* Aim of the exercise: Repeat the lines below exactly as they appear, but leave out the images.

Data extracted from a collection
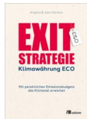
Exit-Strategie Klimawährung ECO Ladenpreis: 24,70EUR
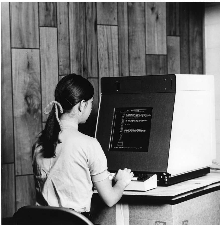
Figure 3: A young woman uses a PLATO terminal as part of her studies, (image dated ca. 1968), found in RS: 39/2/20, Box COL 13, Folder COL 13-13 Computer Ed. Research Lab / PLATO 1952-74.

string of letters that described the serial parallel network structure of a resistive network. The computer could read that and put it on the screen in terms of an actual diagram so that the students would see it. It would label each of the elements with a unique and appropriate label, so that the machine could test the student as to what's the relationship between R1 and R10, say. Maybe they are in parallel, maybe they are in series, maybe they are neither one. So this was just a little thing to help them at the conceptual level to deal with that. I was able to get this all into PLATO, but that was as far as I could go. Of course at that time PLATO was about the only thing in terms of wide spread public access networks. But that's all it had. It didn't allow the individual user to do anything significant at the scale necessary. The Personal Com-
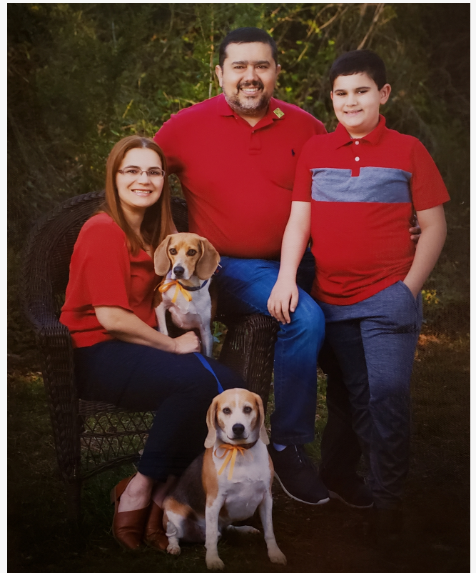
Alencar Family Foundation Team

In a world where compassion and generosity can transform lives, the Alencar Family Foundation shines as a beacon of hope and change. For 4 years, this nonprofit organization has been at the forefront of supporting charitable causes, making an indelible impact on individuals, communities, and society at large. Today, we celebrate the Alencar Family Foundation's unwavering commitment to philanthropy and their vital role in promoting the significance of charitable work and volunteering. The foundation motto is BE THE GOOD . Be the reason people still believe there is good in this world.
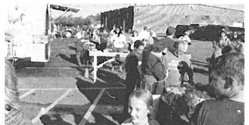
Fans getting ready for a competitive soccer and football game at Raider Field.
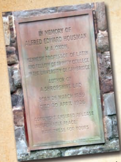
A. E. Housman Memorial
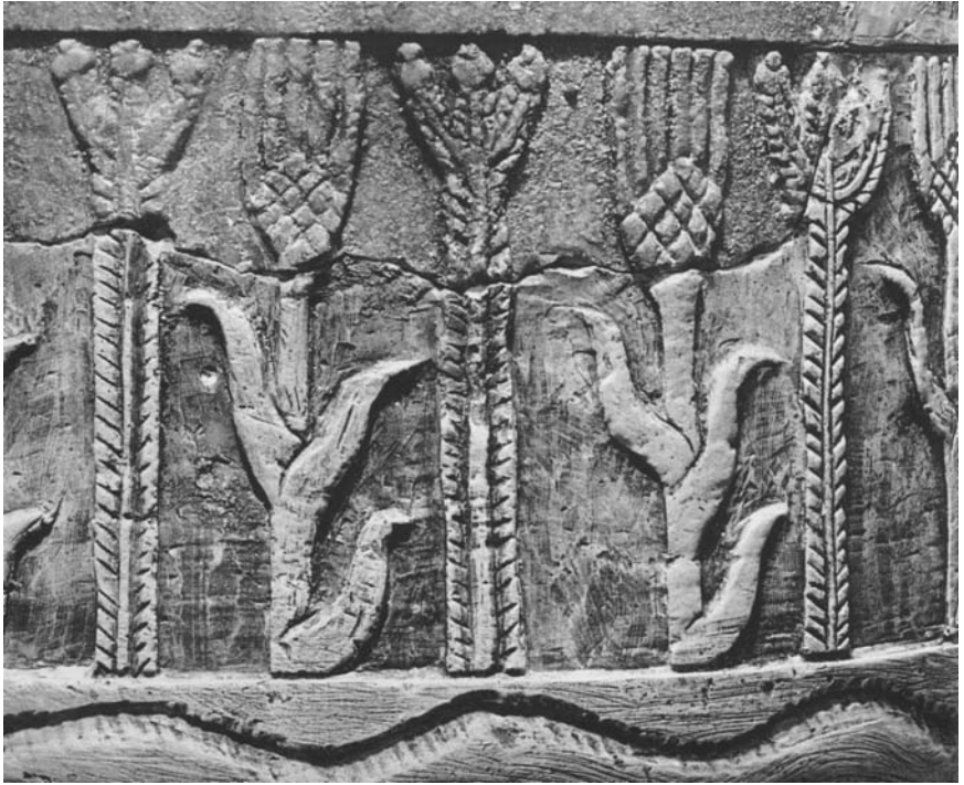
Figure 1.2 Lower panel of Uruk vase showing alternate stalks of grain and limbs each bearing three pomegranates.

* Answer:
Exit-Strategie Klimawährung ECO Ladenpreis: 24,70EUR
Figure 3: A young woman uses a PLATO terminal as part of her studies, (image dated ca. 1968), found in RS: 39/2/20, Box COL 13, Folder COL 13-13 Computer Ed. Research Lab / PLATO 1952-74.

string of letters that described the serial parallel network structure of a resistive network. The computer could read that and put it on the screen in terms of an actual diagram so that the students would see it. It would label each of the elements with a unique and appropriate label, so that the machine could test the student as to what's the relationship between R1 and R10, say. Maybe they are in parallel, maybe they are in series, maybe they are neither one. So this was just a little thing to help them at the conceptual level to deal with that. I was able to get this all into PLATO, but that was as far as I could go. Of course at that time PLATO was about the only thing in terms of wide spread public access networks. But that's all it had. It didn't allow the individual user to do anything significant at the scale necessary. The Personal Com-
Alencar Family Foundation Team

In a world where compassion and generosity can transform lives, the Alencar Family Foundation shines as a beacon of hope and change. For 4 years, this nonprofit organization has been at the forefront of supporting charitable causes, making an indelible impact on individuals, communities, and society at large. Today, we celebrate the Alencar Family Foundation's unwavering commitment to philanthropy and their vital role in promoting the significance of charitable work and volunteering. The foundation motto is BE THE GOOD . Be the reason people still believe there is good in this world.
Fans getting ready for a competitive soccer and football game at Raider Field.
A. E. Housman Memorial
Figure 1.2 Lower panel of Uruk vase showing alternate stalks of grain and limbs each bearing three pomegranates.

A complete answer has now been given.